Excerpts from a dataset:
· · · · · · ·

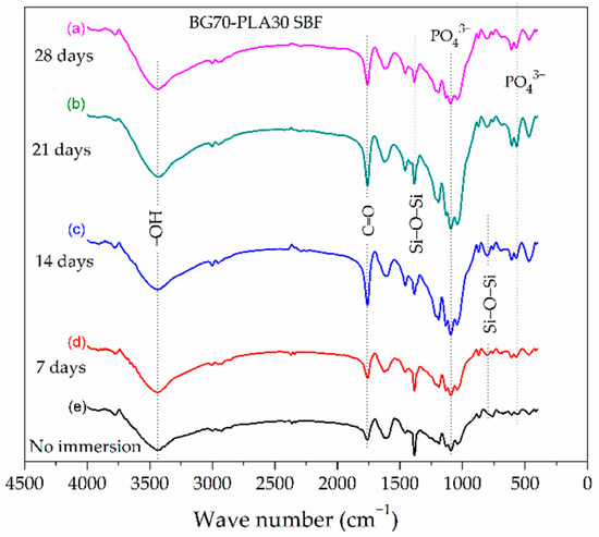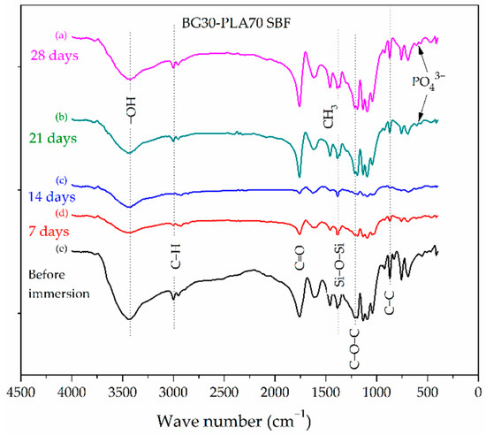 The silanol groups at 3500 cm−1 are present in the FTIR spectrum of the BG30-PLA70 sample in SBF (Figure 4). Due to the higher composition of PLA in the composite, the presence of stretching vibrations of C-C, C-O-C, and C=O bonds are observed, and are associated with the crystallinity of the PLA phase. The bending and stretching vibrations of Si-O-Si bonds correspond to the BG phase. At 21 and 28 days of immersion, the formation of the Hap phase was observed in the vibrational bands with low intensity at 573 cm−1 and 610 cm−1, which are related to the bending vibrations of the phosphate () groups. Chen et al. [23] observed the vibrational bands at 608 and 561 cm−1 to be associated with the strengthened intermolecular interaction of the molecules in the crystal lattice in highly-ordered arrangements. Thus, it is possible that the phosphate formation acts as a molecular link. The BG dissolution mechanism in the biological fluids was associated with ions leaching from BG into PBS, followed by decomposition of silica–oxygen bonds of the BG network and redeposition of the calcium and phosphorus ions onto the biomaterial surface [24].
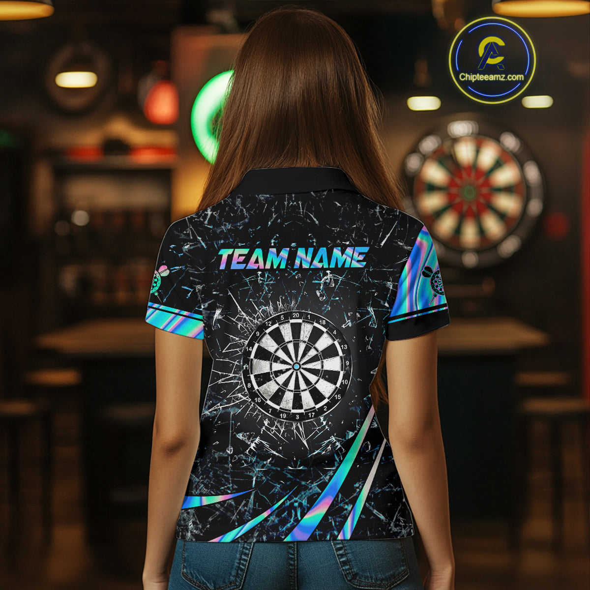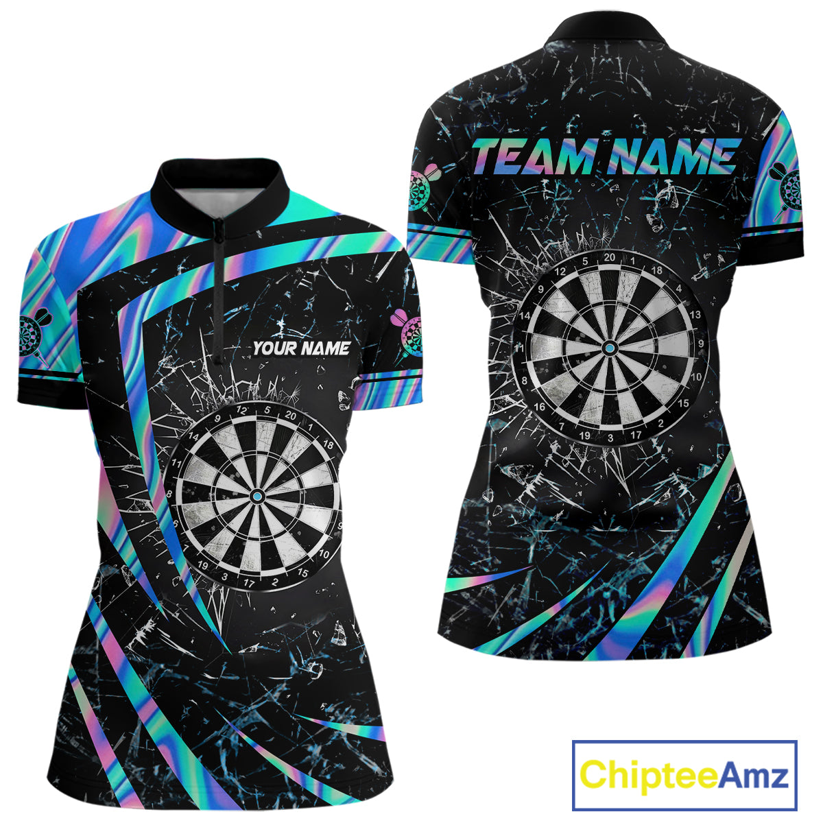 Personalized Holographic Glass Break Darts Shirt For Women Custom Darts Jersey Team Polo & 1/4 Zip TDM5413
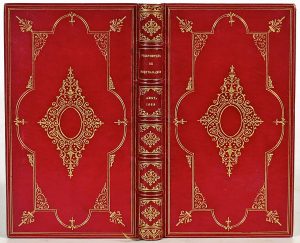 titre gravé et portrait]-158 pp. Reliure d'inspiration xviie s. par Capé : plein maroquin rouge, plats finement fleuronnés d'un double cadre, fleurons d'angle et motif central fleuronné dorés, dos à nerfs et caissons finement fleuronné doré, filets et fine roulette ornée dorés sur les coupes et remplis, tranches dorées. Même édition que supra. Le portrait est présenté avant la légende (état non signalé par les bibliographies). # Willems n° 1797; # Bibl. esoterica n° 3275; # Caillet n° 8081; # Brunet IV-105.
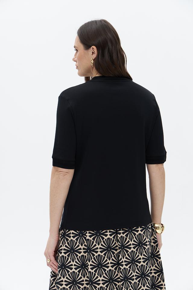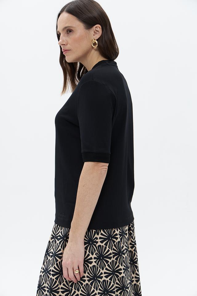 Эта чёрная футболка от Marc Cain станет незаменимой частью вашего гардероба. Изготовленная из высококачественного хлопка с добавлением эластана, она обеспечивает комфорт и приятные ощущения на коже.
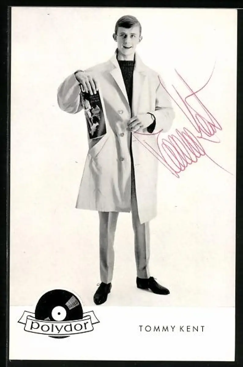 AK Musiker Tommy Kent im Mantel mit einer Zeitschrift, Autograph
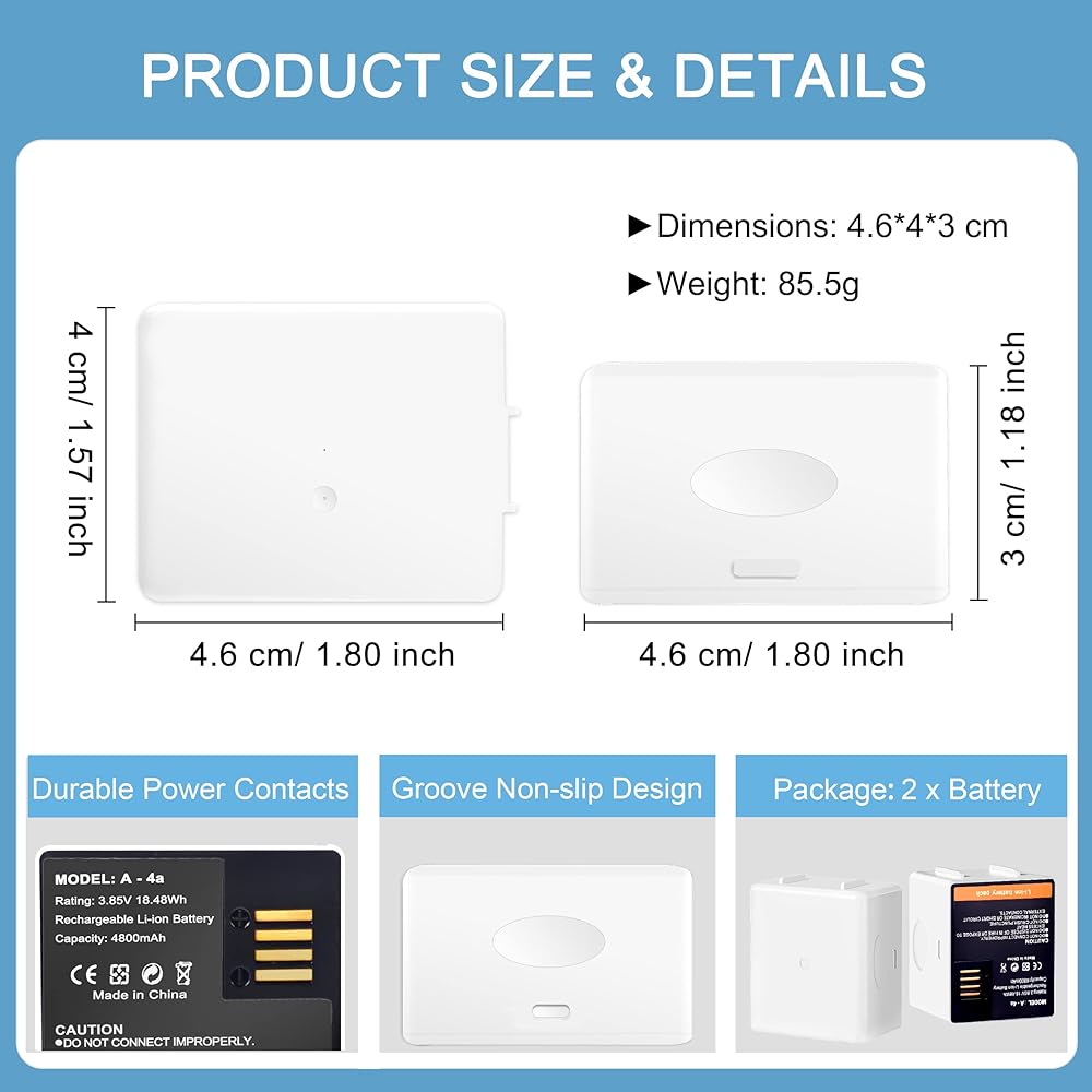 ✅[أداء البطارية] 2 حزمة بطارية قابلة للشحن A-4A نوع: ليثيوم أيون؛ الجهد: 3.85 فولت. السعة: 18.48 وات 4800 مللي أمبير. قدرة عالية للغاية لوقت تشغيل أطول وعمر البطارية.
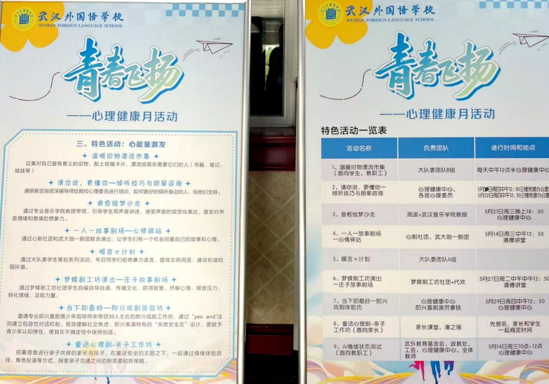 春风含笑催新绿,情绪护航正当时。5月15日上午,武汉外校初中部教学楼中庭内,“青春飞扬文化节”文艺演出正在火热进行,三层楼的走廊上挤满了围观的中学生,音浪迭起,掌声雷动;另一侧的心理中心体验室内,一场关乎“开心指数”的情绪状态测评体验活动也在静静地进行。
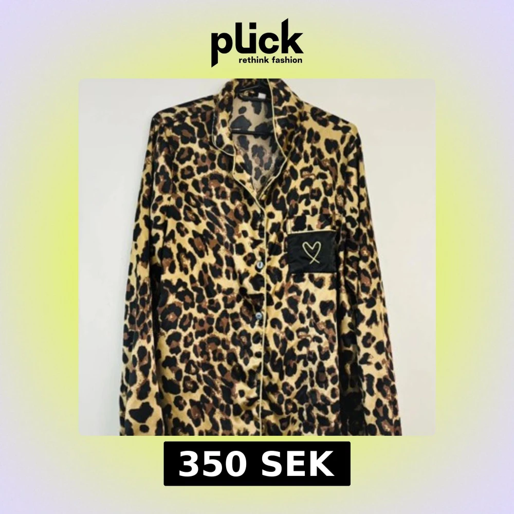 Säljer en leopardmönstrad långärmad skjorta i glansigt satinmaterial. Skjortan har svarta detaljer, knappar framtill och en svart bröstficka med ett broderat hjärta i gult. Perfekt för dig som vill sticka ut med ett djurmönster.
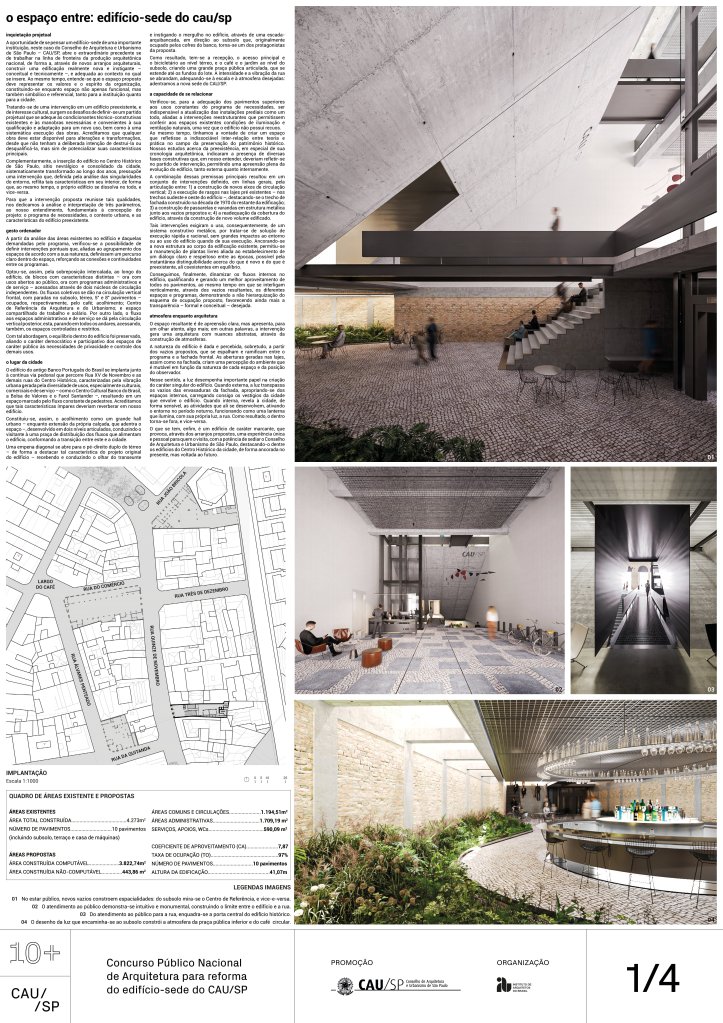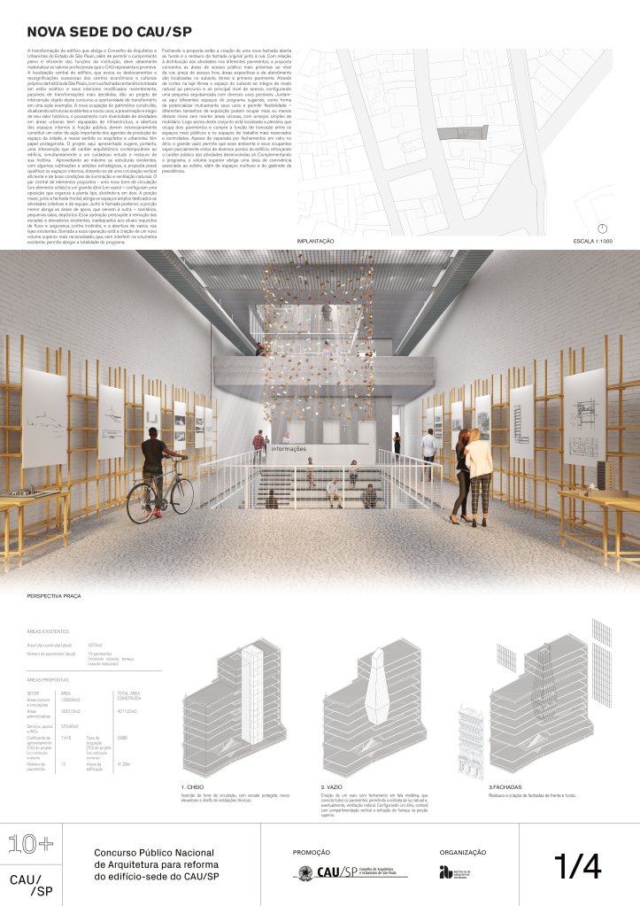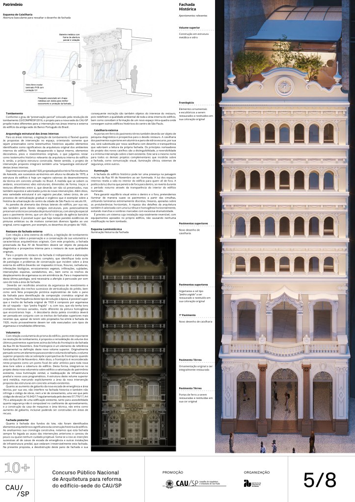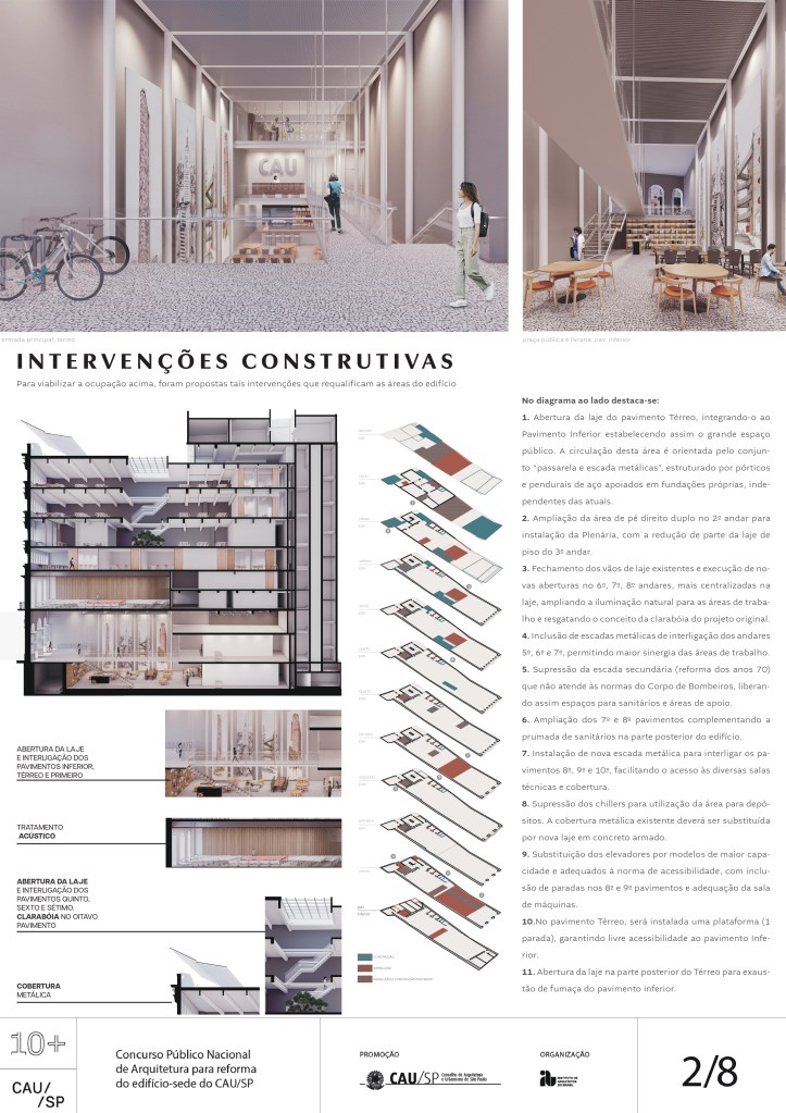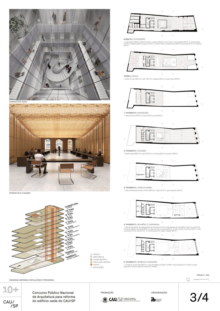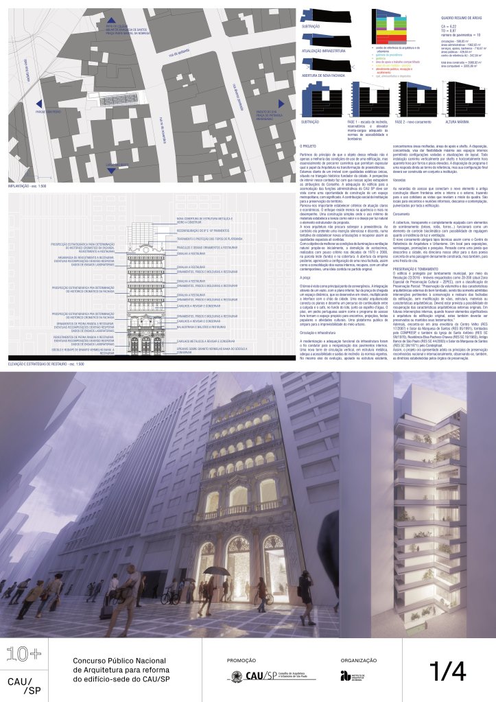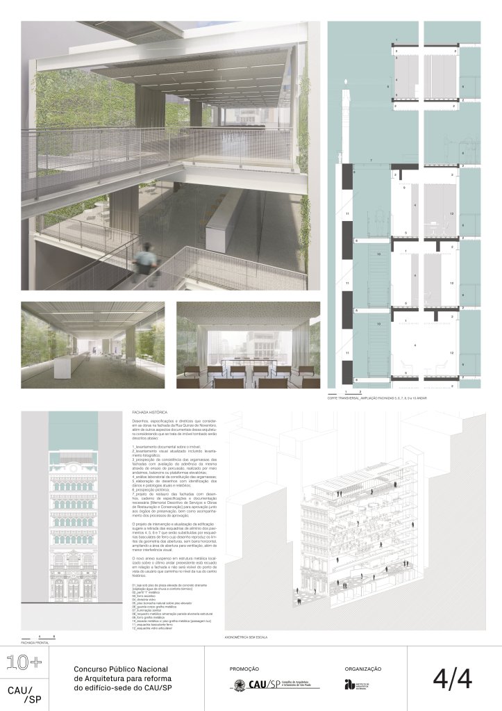 Veja a seguir os premiados, menções e destaques do Concurso Público, em duas etapas, para para a reforma da sede do CAU/SP, no Edifício XV de Novembro, no Triângulo Histórico da cidade de São Paulo.

· · · · · · ·

▶ [WHAT YOU ARE ASKED TO DO]:
Each of the lines above should be transcribed exactly; no image is to be copied.

▶ [TASK OUTPUT]:
 The silanol groups at 3500 cm−1 are present in the FTIR spectrum of the BG30-PLA70 sample in SBF (Figure 4). Due to the higher composition of PLA in the composite, the presence of stretching vibrations of C-C, C-O-C, and C=O bonds are observed, and are associated with the crystallinity of the PLA phase. The bending and stretching vibrations of Si-O-Si bonds correspond to the BG phase. At 21 and 28 days of immersion, the formation of the Hap phase was observed in the vibrational bands with low intensity at 573 cm−1 and 610 cm−1, which are related to the bending vibrations of the phosphate () groups. Chen et al. [23] observed the vibrational bands at 608 and 561 cm−1 to be associated with the strengthened intermolecular interaction of the molecules in the crystal lattice in highly-ordered arrangements. Thus, it is possible that the phosphate formation acts as a molecular link. The BG dissolution mechanism in the biological fluids was associated with ions leaching from BG into PBS, followed by decomposition of silica–oxygen bonds of the BG network and redeposition of the calcium and phosphorus ions onto the biomaterial surface [24].
 Personalized Holographic Glass Break Darts Shirt For Women Custom Darts Jersey Team Polo & 1/4 Zip TDM5413
 titre gravé et portrait]-158 pp. Reliure d'inspiration xviie s. par Capé : plein maroquin rouge, plats finement fleuronnés d'un double cadre, fleurons d'angle et motif central fleuronné dorés, dos à nerfs et caissons finement fleuronné doré, filets et fine roulette ornée dorés sur les coupes et remplis, tranches dorées. Même édition que supra. Le portrait est présenté avant la légende (état non signalé par les bibliographies). # Willems n° 1797; # Bibl. esoterica n° 3275; # Caillet n° 8081; # Brunet IV-105.
 Эта чёрная футболка от Marc Cain станет незаменимой частью вашего гардероба. Изготовленная из высококачественного хлопка с добавлением эластана, она обеспечивает комфорт и приятные ощущения на коже.
 AK Musiker Tommy Kent im Mantel mit einer Zeitschrift, Autograph
 ✅[أداء البطارية] 2 حزمة بطارية قابلة للشحن A-4A نوع: ليثيوم أيون؛ الجهد: 3.85 فولت. السعة: 18.48 وات 4800 مللي أمبير. قدرة عالية للغاية لوقت تشغيل أطول وعمر البطارية.
 春风含笑催新绿,情绪护航正当时。5月15日上午,武汉外校初中部教学楼中庭内,“青春飞扬文化节”文艺演出正在火热进行,三层楼的走廊上挤满了围观的中学生,音浪迭起,掌声雷动;另一侧的心理中心体验室内,一场关乎“开心指数”的情绪状态测评体验活动也在静静地进行。
 Säljer en leopardmönstrad långärmad skjorta i glansigt satinmaterial. Skjortan har svarta detaljer, knappar framtill och en svart bröstficka med ett broderat hjärta i gult. Perfekt för dig som vill sticka ut med ett djurmönster.
 Veja a seguir os premiados, menções e destaques do Concurso Público, em duas etapas, para para a reforma da sede do CAU/SP, no Edifício XV de Novembro, no Triângulo Histórico da cidade de São Paulo.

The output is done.